**What this task involves**
Check each line of the entries below for the word "gradnja", and copy the lines that have it.

[Dataset items]
((

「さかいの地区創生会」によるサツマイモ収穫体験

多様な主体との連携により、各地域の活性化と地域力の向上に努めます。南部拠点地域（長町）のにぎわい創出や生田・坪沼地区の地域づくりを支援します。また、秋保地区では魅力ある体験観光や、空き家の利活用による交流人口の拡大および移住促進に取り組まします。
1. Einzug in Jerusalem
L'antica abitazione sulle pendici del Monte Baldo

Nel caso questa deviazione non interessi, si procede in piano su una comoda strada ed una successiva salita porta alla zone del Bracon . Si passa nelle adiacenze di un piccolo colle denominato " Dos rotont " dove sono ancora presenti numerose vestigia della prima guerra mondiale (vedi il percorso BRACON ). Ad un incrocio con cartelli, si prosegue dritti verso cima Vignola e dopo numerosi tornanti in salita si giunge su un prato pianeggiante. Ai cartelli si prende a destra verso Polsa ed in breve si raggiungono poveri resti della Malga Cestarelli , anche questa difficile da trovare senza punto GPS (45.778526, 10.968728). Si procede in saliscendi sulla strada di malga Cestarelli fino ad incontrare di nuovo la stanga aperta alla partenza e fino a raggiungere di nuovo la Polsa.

))
((

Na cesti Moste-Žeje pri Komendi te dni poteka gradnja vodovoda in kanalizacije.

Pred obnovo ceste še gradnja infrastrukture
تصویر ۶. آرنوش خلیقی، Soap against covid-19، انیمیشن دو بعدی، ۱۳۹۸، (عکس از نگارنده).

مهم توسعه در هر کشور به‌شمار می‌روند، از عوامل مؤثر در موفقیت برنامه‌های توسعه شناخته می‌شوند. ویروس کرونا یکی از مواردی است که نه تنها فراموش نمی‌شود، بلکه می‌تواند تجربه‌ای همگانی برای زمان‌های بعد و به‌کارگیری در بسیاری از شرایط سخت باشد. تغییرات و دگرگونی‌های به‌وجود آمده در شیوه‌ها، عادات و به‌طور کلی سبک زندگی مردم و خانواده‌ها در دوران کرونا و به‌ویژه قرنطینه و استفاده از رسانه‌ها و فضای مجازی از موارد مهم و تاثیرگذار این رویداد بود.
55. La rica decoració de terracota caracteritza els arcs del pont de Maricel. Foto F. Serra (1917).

))

**Expected output**
Na cesti Moste-Žeje pri Komendi te dni poteka gradnja vodovoda in kanalizacije.
Pred obnovo ceste še gradnja infrastrukture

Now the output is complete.